Federal securities regulators have sanctioned the Colorado Department of Transportation for failing to provide five years’ worth of state financial reports to investors in one of its largest-ever bond issues.
The sanction issued last week by the U.S. Securities and Exchange Commission says the state did not file annual reports from 2006 through 2010 to buyers of $534 million in state transportation bonds issued in 2002 and 2004, which in part funded the giant T-Rex road project along Interstate 25.
The department in 2011 said in an effort to refinance about $105 million from those original bonds that it had complied with all the reporting requirements, which included the filing of the annual reports. Those refinanced bonds mature in 2017.
Colorado self-reported the misstatements to the SEC in November 2014 after Treasurer Walker Stapleton’s office uncovered them during a massive review of statewide financial obligations tied to a new debt-management process.
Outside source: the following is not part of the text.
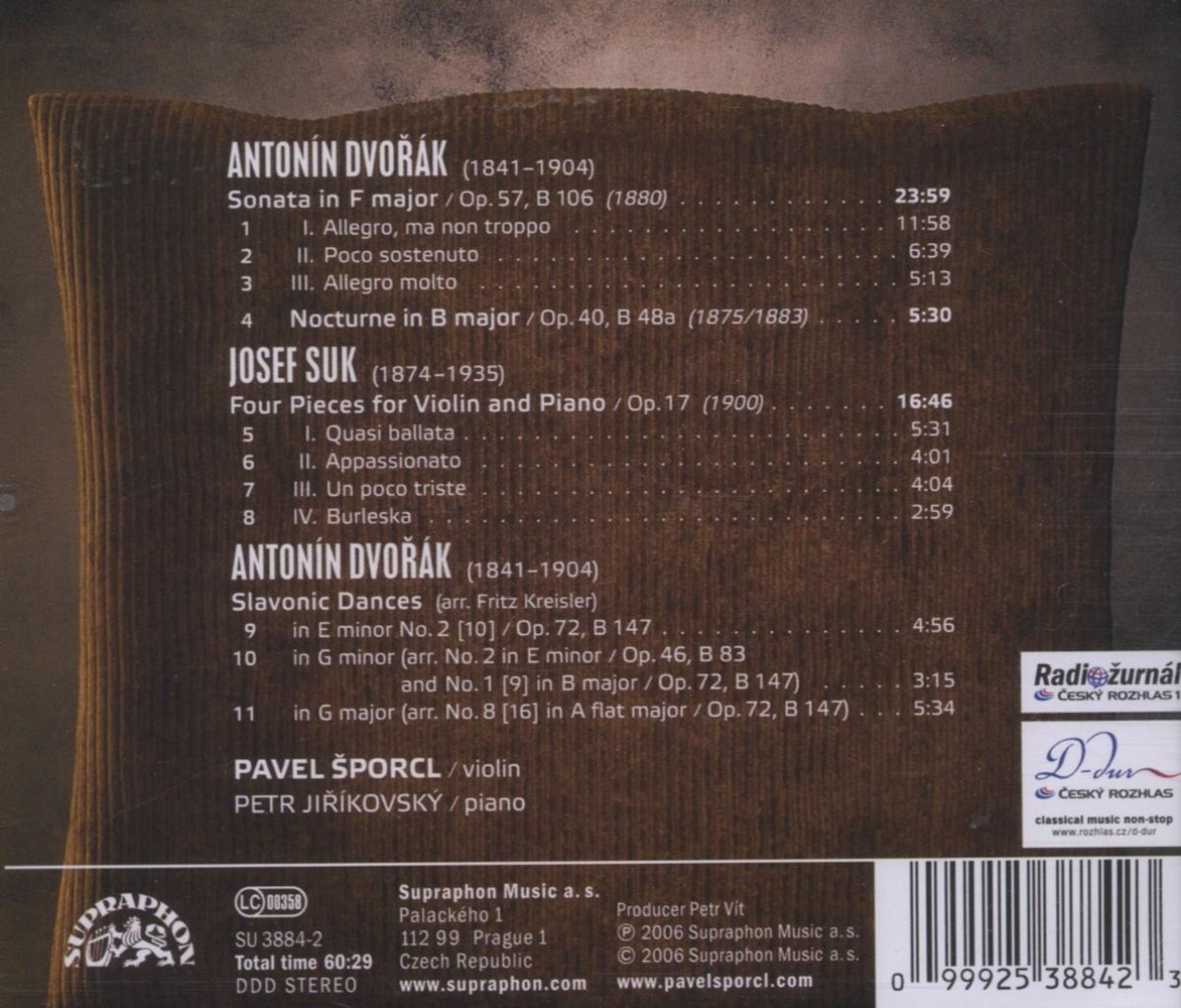 Pavel Sporcl, having released his first Dvorak CD last year, presents a second album of Dvorak pieces for violin and piano, choosing the Sonata, the miniature Nocturne, and especially the virtuoso Slavonic Dances transcribed for violin and piano by the legendary violin maestro Fritz Kreisler. Sporcl makes full use of all of the possibilities offered by the Dvorak pieces both from the standpoint of violin performance as well as from the standpoint of sheer musicality; his Dvorak is full of color and nuance. The Dvorak repertoire is complemented by Josef Suk's well-known composition Four Pieces for Violin and Piano, Op. 17. Here as well, Sporcl makes the most of the material. His invaluable partner at the piano is accompanist Petr Jirikovsky. This recording is sure to impress listeners with Sporcl's technical skill and sensitive interpretation of the Czech repertoire.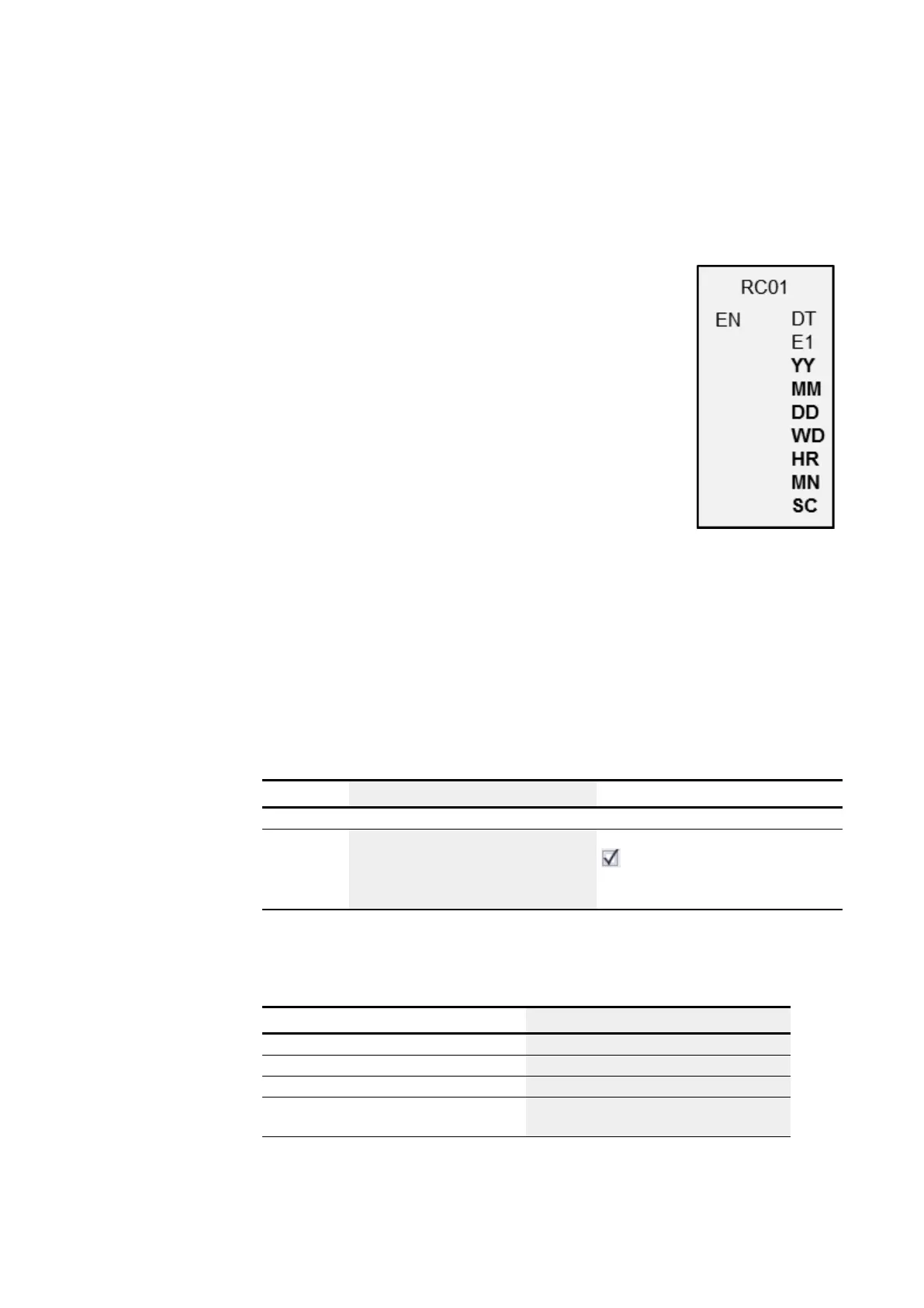 clock will be output at the function block outputs: YY (year), MM (month), DD (day), WD

The SEC gave Colorado six months to establish a policy to ensure the problems do not recur, and to bring all reporting obligations up to date. Additionally, the state must divulge the settlement in any future bond issues for the next five years, according to the order. The sanction should not have any material impact on the state’s ability to seek additional bond issues.
State officials said the problem was merely an oversight of responsibility for ensuring the reports were filed with the SEC each year. And though the SEC did not catch the problem, nor did any bond investor complain of it, the agency said a sanction was in order.
All state financial obligations issued by any agency are now overseen by Stapleton’s office, to ensure requirements are met and the state’s credit rating is unimpacted by these types of problems, spokesman Michael Fortney said.